A module with this interface offers two methods that can be invoked from outside. The start method takes two arguments a and b, and has Action type, namely it just performs some action (this method does not return any result). In this case, it just kicks off the internal computation to multiply a and b, which may take many steps. The result method has no arguments, and returns a value of type Bit#(64).
So far, this looks just like a conventional object-oriented language (with perhaps different syntax details). However, in BSV, a method is always invoked from a rule, either directly or indirectly from another method which in turn is invoked by a rule, and so on. In other words, all method invocations originate in a rule. Just like a rule has a rule condition, a method may also have a method condition which limits when it may be invoked. This rule-based semantics is the key difference from traditional object-oriented languages. These rule-based semantics also have a direct hardware interpretation.

![Figure 3.7: Hardware interpretation of interface methods](image)

Fig. 3.7 illustrates how BSV methods are mapped into hardware. Every method is a bundle of input and output signals.
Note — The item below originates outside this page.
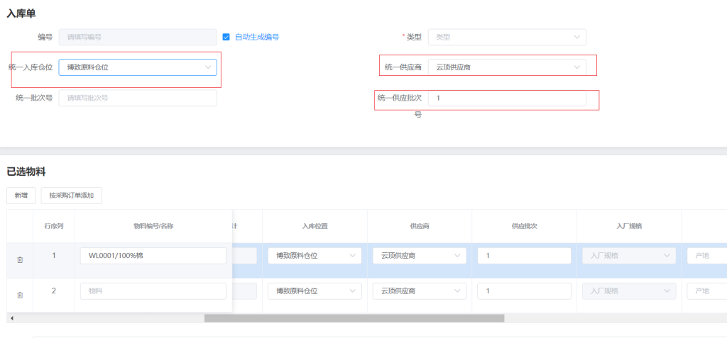 6.如出现多行物料都是由同一供应商(入库位置、供应批次号)可点击统一供应商(入库位置、供应批次号)则不需要在一个一个添加供应商(入库位置、供应批次号)

Every method has one output signal called the “ready” signal (RDY) corresponding to the method condition. A rule in the external environment is allowed to invoke the method only when RDY is true. Method arguments become input signals (like \(a\) and \(b\)), and method results become output signals. Finally, Action methods like `start` have an input “enable” signal (EN) which, when asserted by the external rule, causes the method’s action inside the module to happen.

We can now see how our multiplier is packaged into a module.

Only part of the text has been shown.